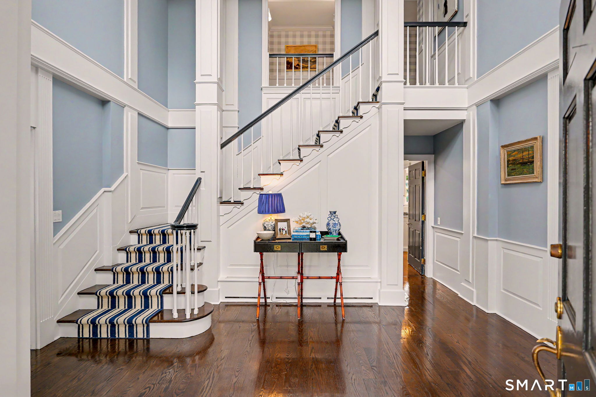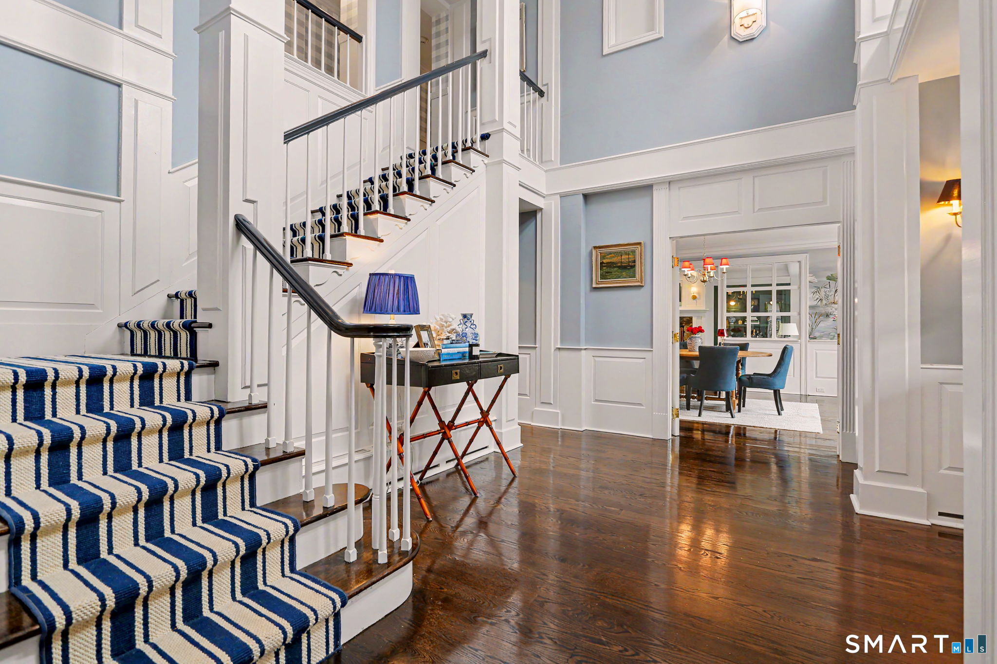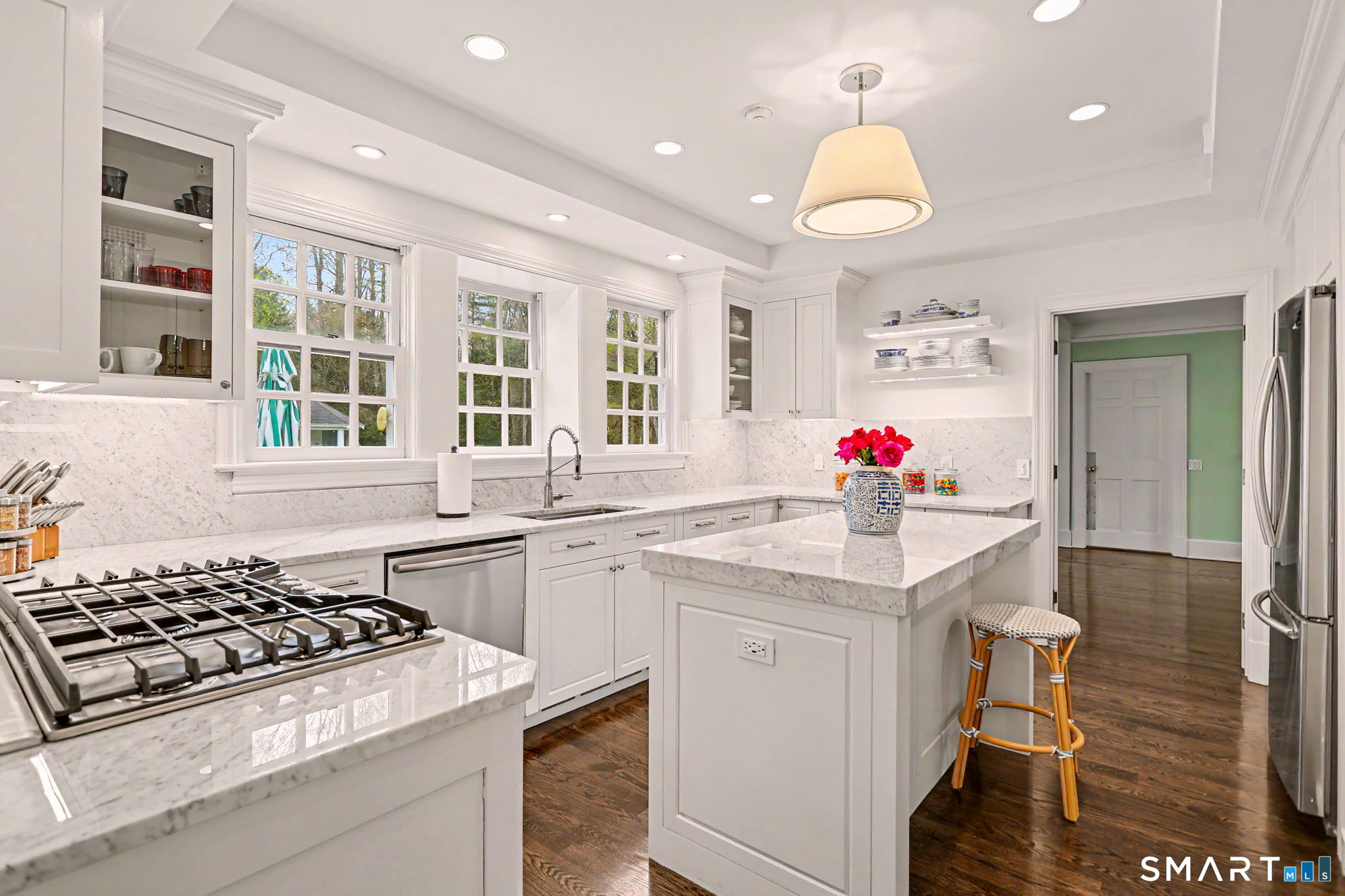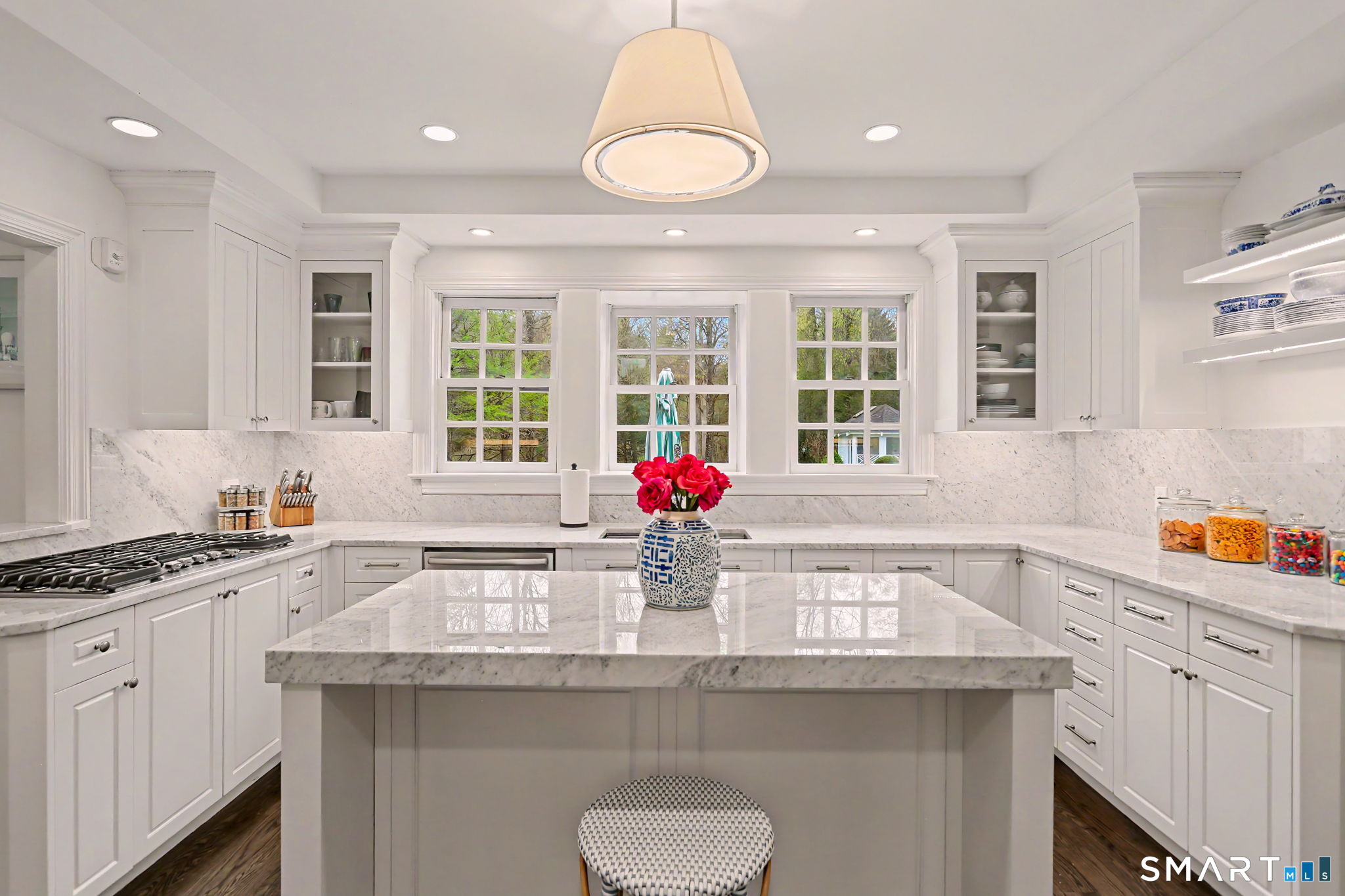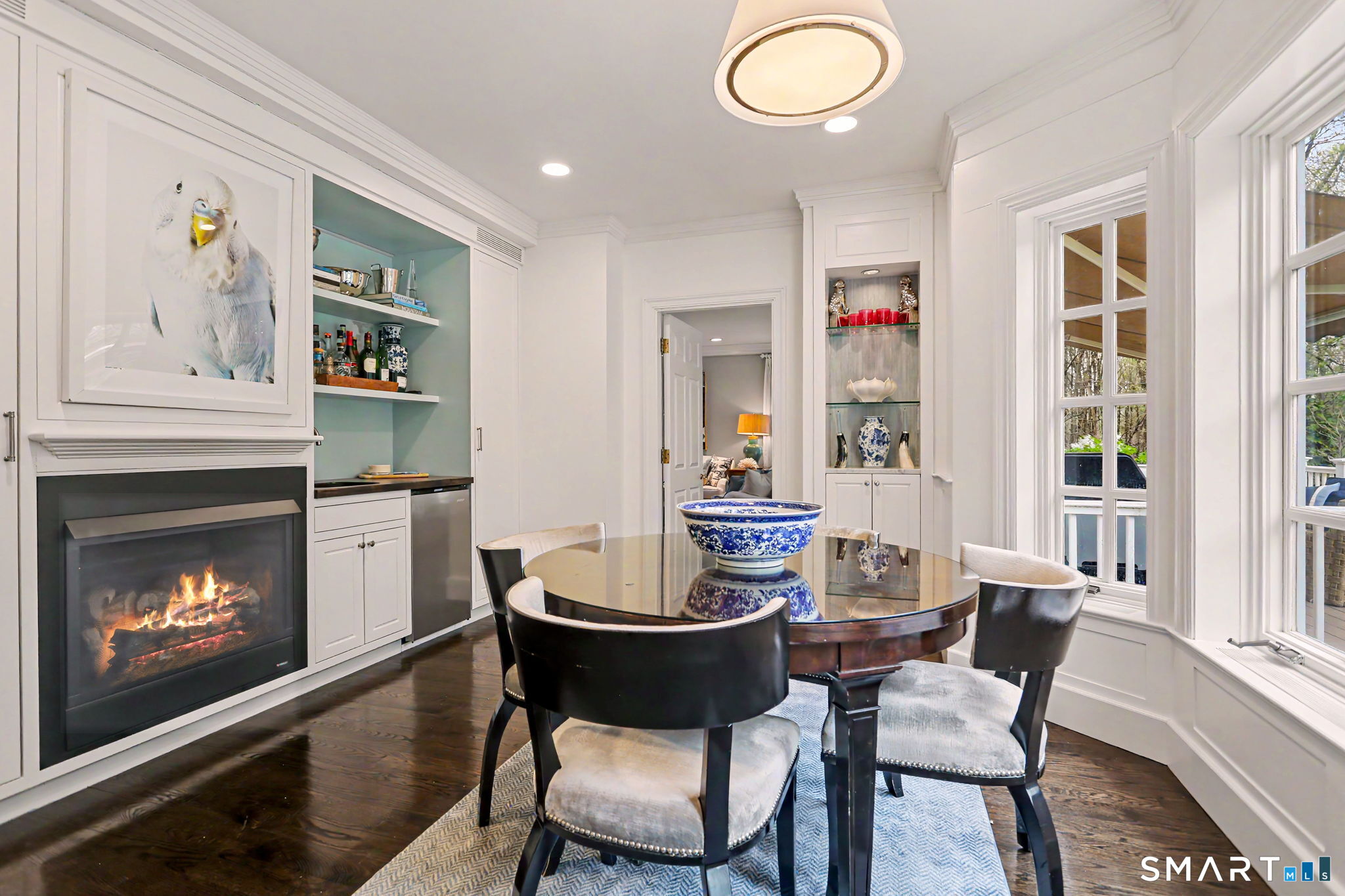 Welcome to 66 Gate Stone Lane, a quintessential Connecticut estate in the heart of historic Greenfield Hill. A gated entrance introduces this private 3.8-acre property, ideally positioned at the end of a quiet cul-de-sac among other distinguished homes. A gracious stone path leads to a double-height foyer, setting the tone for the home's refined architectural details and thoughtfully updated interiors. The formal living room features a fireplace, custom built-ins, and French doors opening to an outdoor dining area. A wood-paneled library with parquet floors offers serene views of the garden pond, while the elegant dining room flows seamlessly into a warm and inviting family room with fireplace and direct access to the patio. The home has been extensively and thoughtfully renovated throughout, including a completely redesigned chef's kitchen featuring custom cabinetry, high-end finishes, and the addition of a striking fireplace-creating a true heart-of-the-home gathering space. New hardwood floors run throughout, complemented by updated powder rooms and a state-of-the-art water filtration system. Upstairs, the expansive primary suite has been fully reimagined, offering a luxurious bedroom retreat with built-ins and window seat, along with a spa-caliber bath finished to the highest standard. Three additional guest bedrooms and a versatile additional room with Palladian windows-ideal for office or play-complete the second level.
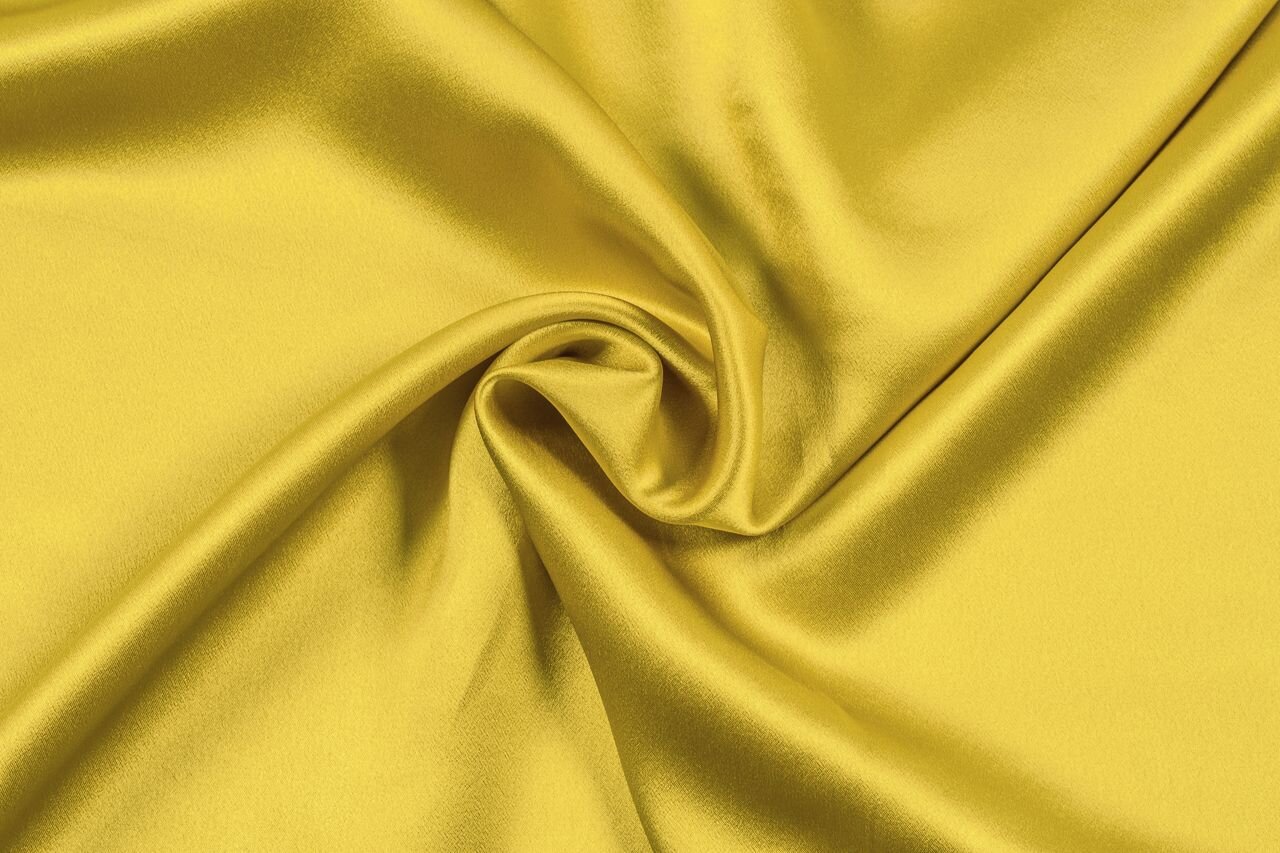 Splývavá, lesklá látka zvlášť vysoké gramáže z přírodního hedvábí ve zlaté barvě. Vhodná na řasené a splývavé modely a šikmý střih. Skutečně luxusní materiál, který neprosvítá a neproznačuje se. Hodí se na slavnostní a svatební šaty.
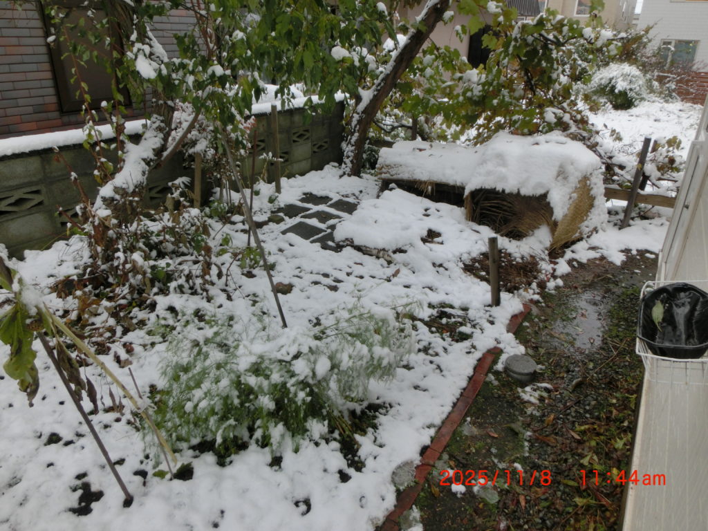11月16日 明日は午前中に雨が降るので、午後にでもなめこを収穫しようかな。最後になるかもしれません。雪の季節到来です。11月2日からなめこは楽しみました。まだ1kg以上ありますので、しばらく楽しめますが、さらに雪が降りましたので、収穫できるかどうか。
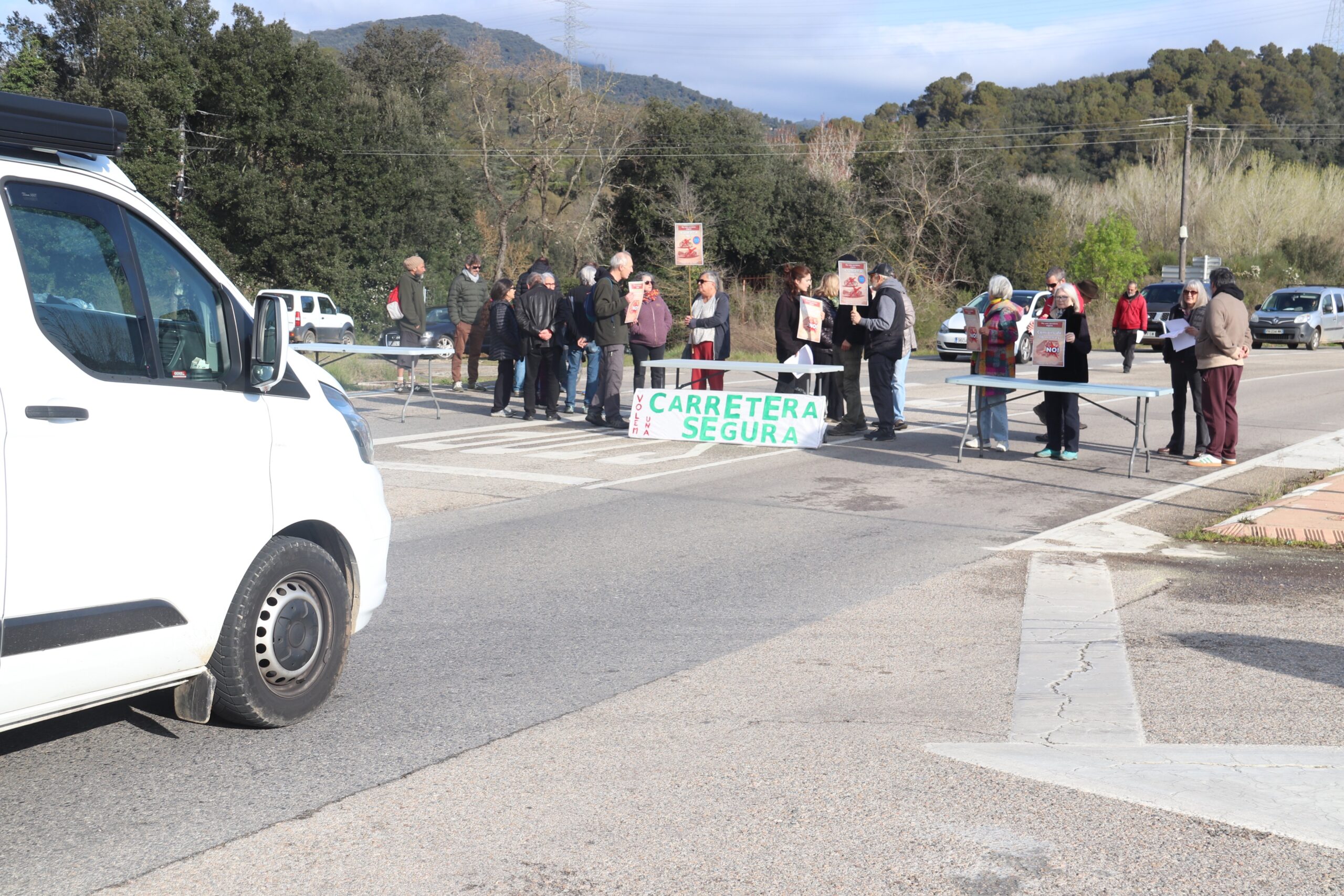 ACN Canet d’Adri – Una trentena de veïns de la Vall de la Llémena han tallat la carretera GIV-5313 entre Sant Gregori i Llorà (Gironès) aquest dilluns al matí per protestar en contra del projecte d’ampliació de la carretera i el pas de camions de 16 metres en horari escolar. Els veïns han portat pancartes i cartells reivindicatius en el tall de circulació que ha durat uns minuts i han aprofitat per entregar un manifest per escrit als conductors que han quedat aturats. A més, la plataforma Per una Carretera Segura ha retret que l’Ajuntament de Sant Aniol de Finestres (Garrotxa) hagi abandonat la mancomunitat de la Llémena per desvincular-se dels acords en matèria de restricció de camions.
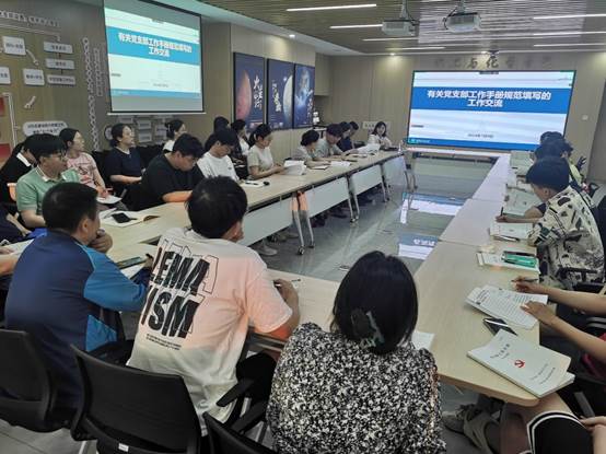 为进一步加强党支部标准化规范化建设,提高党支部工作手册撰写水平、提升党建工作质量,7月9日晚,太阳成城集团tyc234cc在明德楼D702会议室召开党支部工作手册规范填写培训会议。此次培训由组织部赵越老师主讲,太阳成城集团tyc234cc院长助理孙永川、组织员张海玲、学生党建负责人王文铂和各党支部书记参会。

Work instructions: Without the pictures, retype each line of the records above exactly.

Problem solution:
 Welcome to 66 Gate Stone Lane, a quintessential Connecticut estate in the heart of historic Greenfield Hill. A gated entrance introduces this private 3.8-acre property, ideally positioned at the end of a quiet cul-de-sac among other distinguished homes. A gracious stone path leads to a double-height foyer, setting the tone for the home's refined architectural details and thoughtfully updated interiors. The formal living room features a fireplace, custom built-ins, and French doors opening to an outdoor dining area. A wood-paneled library with parquet floors offers serene views of the garden pond, while the elegant dining room flows seamlessly into a warm and inviting family room with fireplace and direct access to the patio. The home has been extensively and thoughtfully renovated throughout, including a completely redesigned chef's kitchen featuring custom cabinetry, high-end finishes, and the addition of a striking fireplace-creating a true heart-of-the-home gathering space. New hardwood floors run throughout, complemented by updated powder rooms and a state-of-the-art water filtration system. Upstairs, the expansive primary suite has been fully reimagined, offering a luxurious bedroom retreat with built-ins and window seat, along with a spa-caliber bath finished to the highest standard. Three additional guest bedrooms and a versatile additional room with Palladian windows-ideal for office or play-complete the second level.
 Splývavá, lesklá látka zvlášť vysoké gramáže z přírodního hedvábí ve zlaté barvě. Vhodná na řasené a splývavé modely a šikmý střih. Skutečně luxusní materiál, který neprosvítá a neproznačuje se. Hodí se na slavnostní a svatební šaty.
11月16日 明日は午前中に雨が降るので、午後にでもなめこを収穫しようかな。最後になるかもしれません。雪の季節到来です。11月2日からなめこは楽しみました。まだ1kg以上ありますので、しばらく楽しめますが、さらに雪が降りましたので、収穫できるかどうか。
 ACN Canet d’Adri – Una trentena de veïns de la Vall de la Llémena han tallat la carretera GIV-5313 entre Sant Gregori i Llorà (Gironès) aquest dilluns al matí per protestar en contra del projecte d’ampliació de la carretera i el pas de camions de 16 metres en horari escolar. Els veïns han portat pancartes i cartells reivindicatius en el tall de circulació que ha durat uns minuts i han aprofitat per entregar un manifest per escrit als conductors que han quedat aturats. A més, la plataforma Per una Carretera Segura ha retret que l’Ajuntament de Sant Aniol de Finestres (Garrotxa) hagi abandonat la mancomunitat de la Llémena per desvincular-se dels acords en matèria de restricció de camions.
 为进一步加强党支部标准化规范化建设,提高党支部工作手册撰写水平、提升党建工作质量,7月9日晚,太阳成城集团tyc234cc在明德楼D702会议室召开党支部工作手册规范填写培训会议。此次培训由组织部赵越老师主讲,太阳成城集团tyc234cc院长助理孙永川、组织员张海玲、学生党建负责人王文铂和各党支部书记参会。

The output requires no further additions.